Quelques heures après s’être félicité de la nomination de Christine Lagarde au poste de directrice du Fonds monétaire internationale (FMI), François Sauvadet, président du conseil général de Côte-d’Or et président du groupe Nouveau Centre à l’Assemblée nationale, est entré dans le gouvernement de François Fillon, mercredi 29 juin 2011. Alors qu’on lui prédisait le portefeuille de l’Agriculture, il succède à Georges Tron au poste de ministre de la Fonction publique…
Un remaniement plus important que prévu
Il aura fallu 24 heures à Nicolas Sarkozy pour procéder aux changements dans son gouvernement. Après son dernier conseil des ministres et juste avant son départ pour Washington, où elle occupera désormais le poste de directrice du Fonds monétaire international (FMI), succédant ainsi à Dominique Strauss-Kahn impliqué dans une affaire de mœurs, Christine Lagarde laissait sans occupant son fauteuil à Bercy. Un poste convoité, à en croire le conflit qui a animé une partie de la journée du mercredi 29 juin 2011 : Selon nos confrères de RMC, le communiqué de presse annonçant cette succession était prêt et devait consacrer Bruno Le Maire au poste de ministre de l’Économie et François Sauvadet à l’Agriculture (Lire ici l’article sur RMC.fr). Sauf que… François Baroin aurait menacé de démissionner du gouvernement si une telle perspective était actée !

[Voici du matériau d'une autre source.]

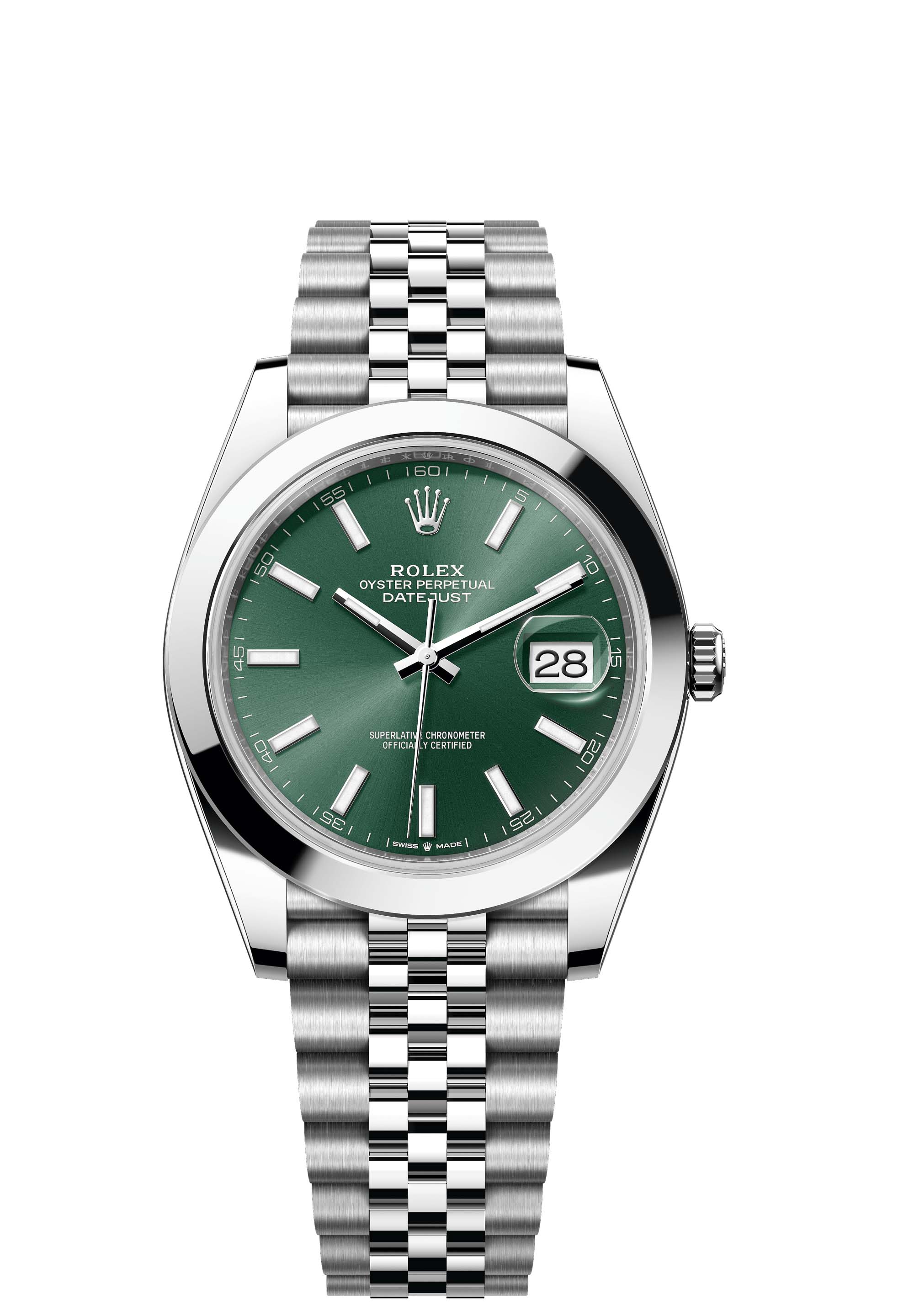 This Oyster Perpetual Datejust 41 in Oystersteel features a mint green dial and a Jubilee bracelet.
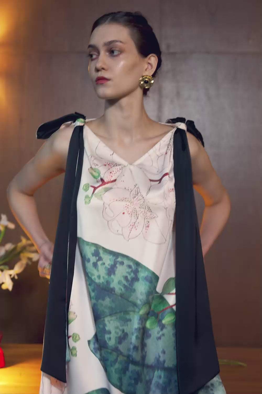 Pankou Slit Empire Dress (Yellow-Throated Vireo)Microfiber Polyester (Mimics Rayon), Matte Satin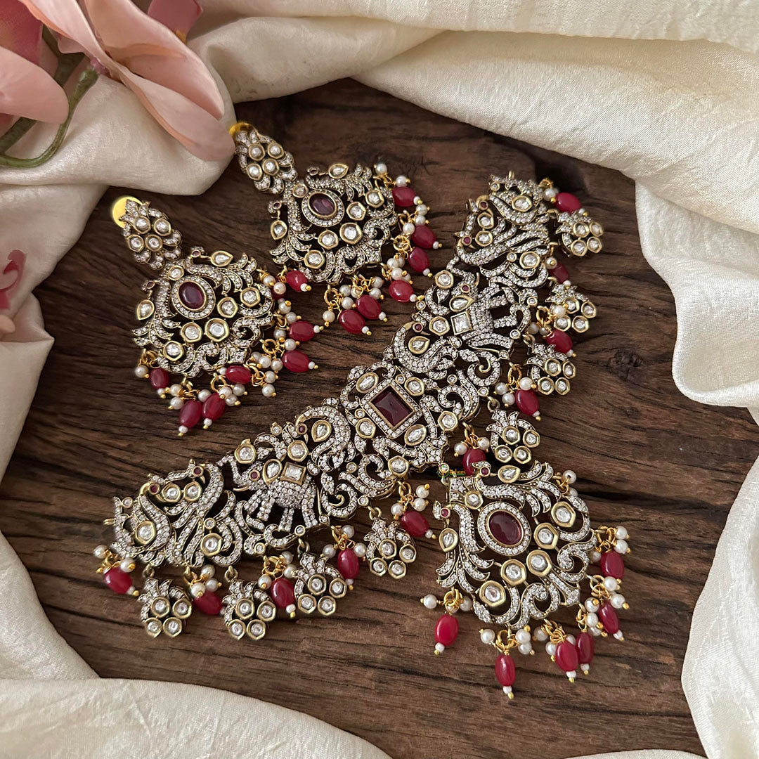 Indulge in a touch of opulence with our Unique Elephant Peacock Victorian Diamond Choker. Embellished with a red bead, this necklace is a must-have for those who appreciate the finer things in life. Elevate your style and channel your inner royalty with this exquisite piece. Comes with matching earrings.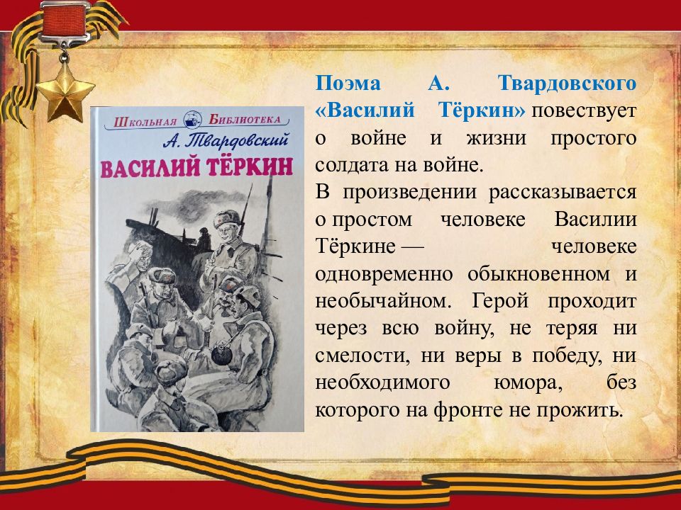 Поэма А. Твардовского «Василий Тёркин» повествует о войне и жизни простого солдата на войне. В произведении рассказывается о простом человеке Василии Тёркине — человеке одновременно обыкновенном и необычайном. Герой проходит через всю войну, не теряя ни смелости, ни веры в победу, ни необходимого юмора, без которого на фронте не прожить.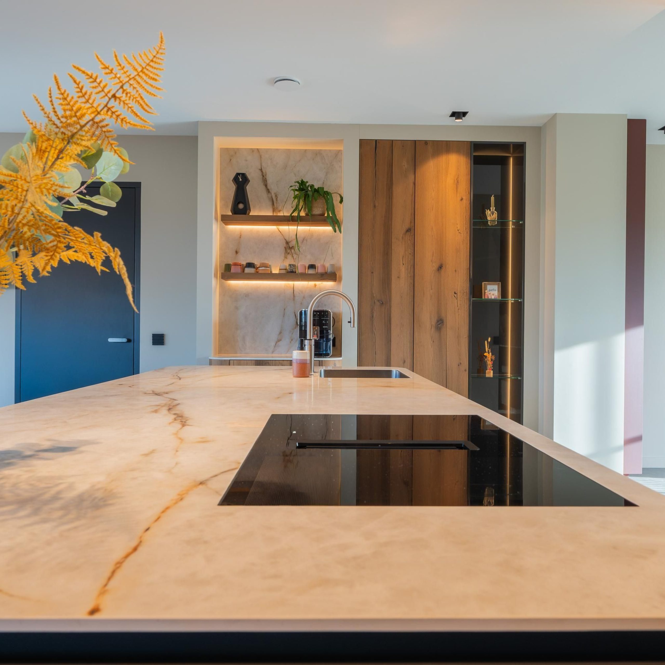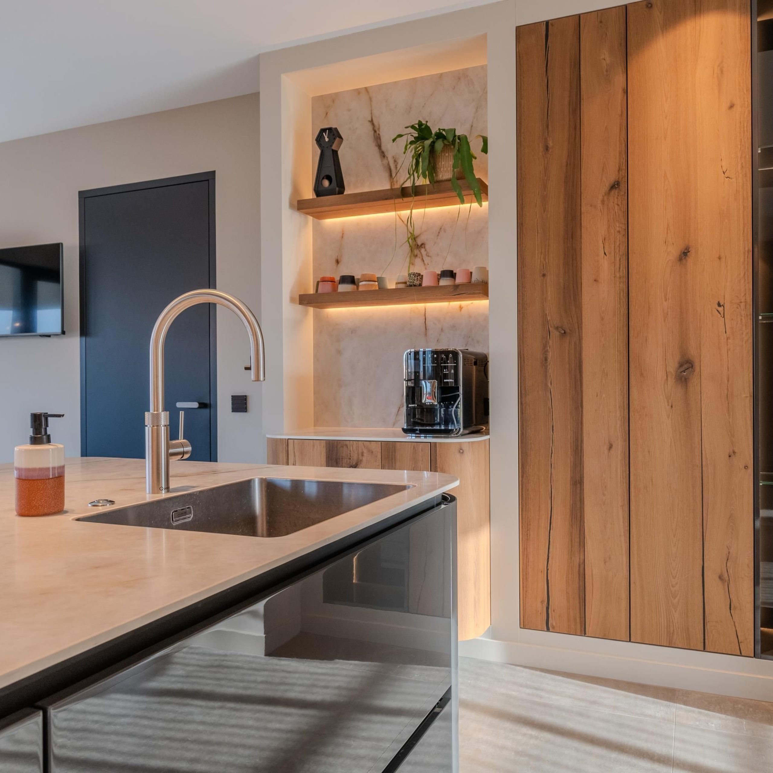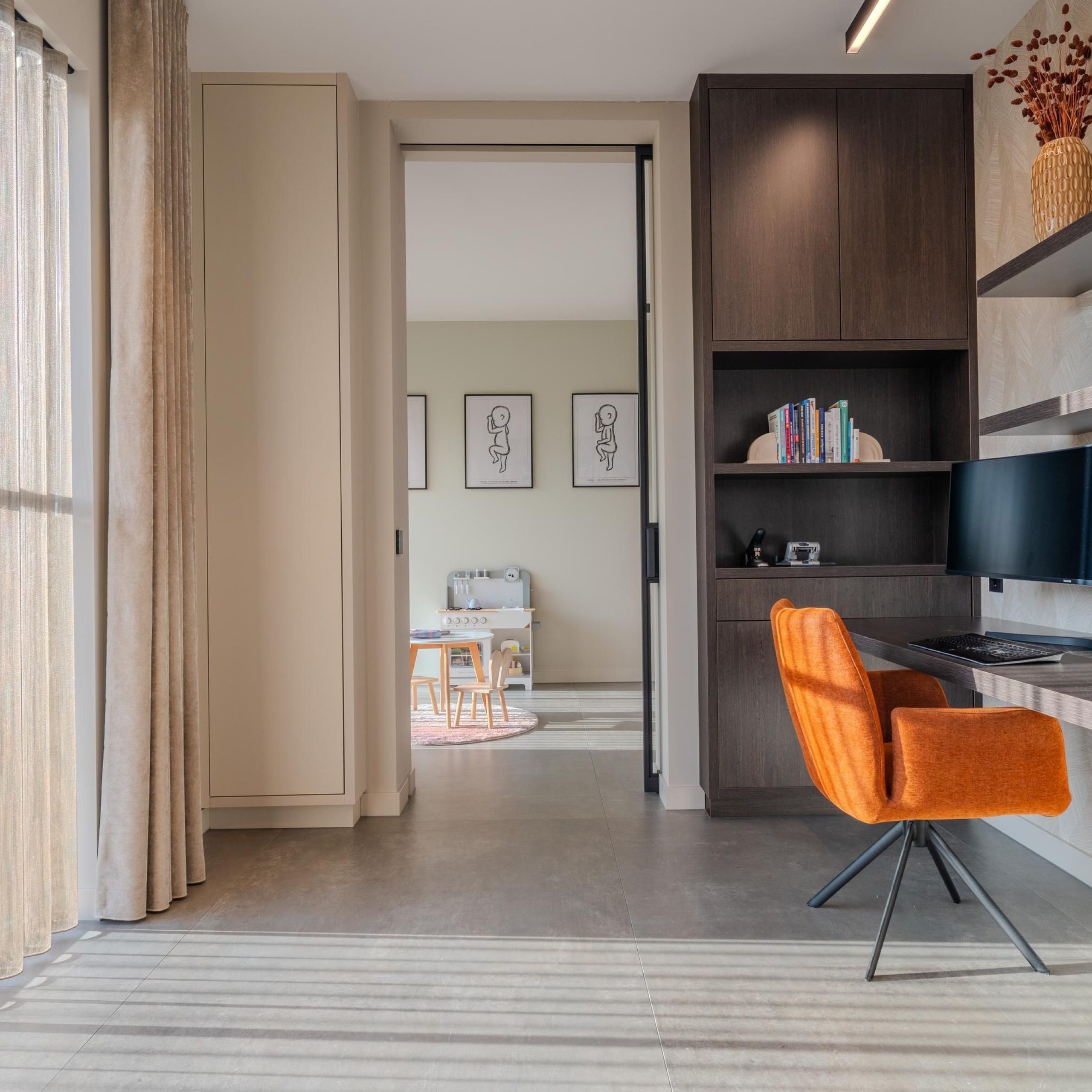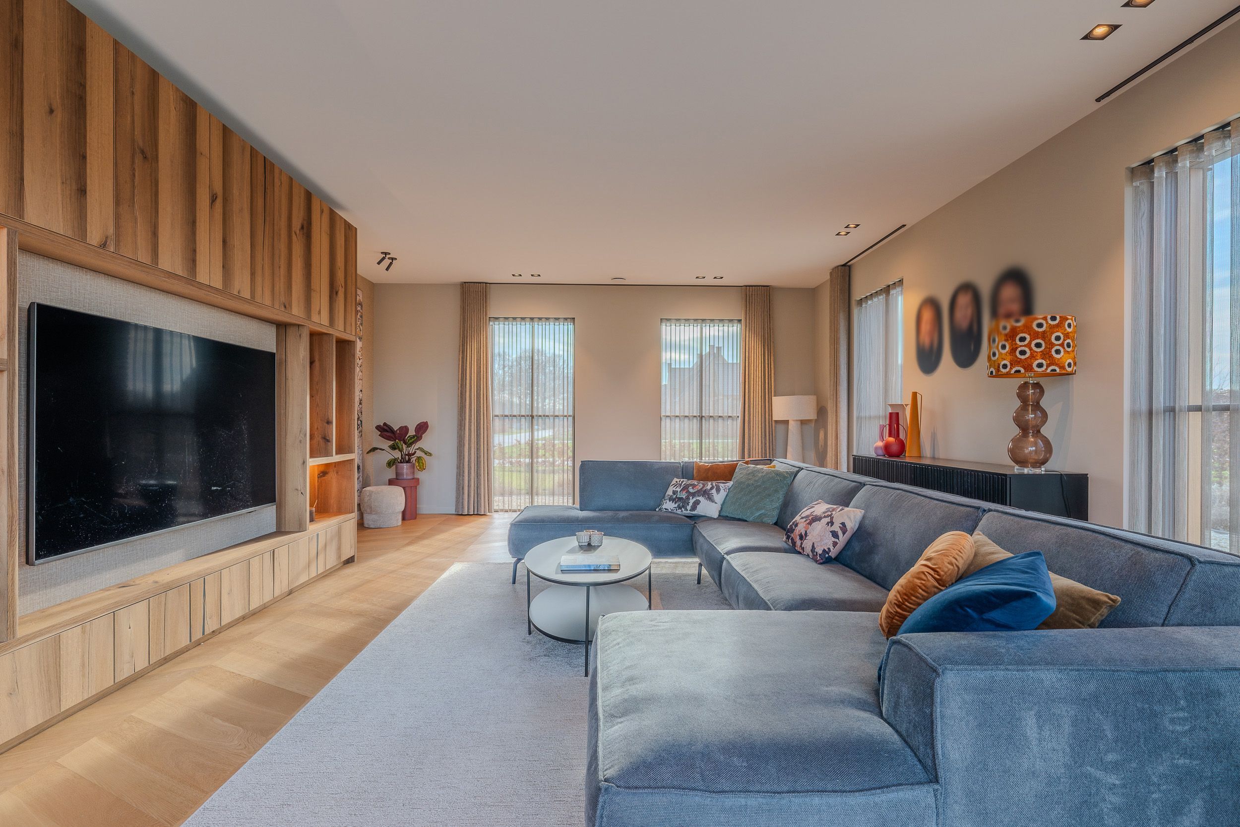 De kracht van dit project zit in de balans tussen rust en karakter. Warme houttinten worden gecombineerd met strakke lijnen, zachte kleuren en uitgesproken accenten. Denk aan het maatwerk in de keuken, de geïntegreerde kastenwanden en de verfijnde afwerking in de badkamer.

Les plans du président contrecarrés, il faudra attendre 16h30 pour recevoir le communiqué officiel publié par l’Elysée. Après avoir été pressenti à l’Agriculture et à l’Aménagement du territoire, François Sauvadet, président du conseil général de Côte-d’Or et président du groupe Nouveau centre à l’Assemblée nationale, se retrouve au ministère de la Fonction publique, en remplacement de Georges Tron. François Baroin se voit lui nommé à Bercy et est remplacé au ministère du Budget par Valérie Pécresse. Un remaniement bien plus important qu’attendu.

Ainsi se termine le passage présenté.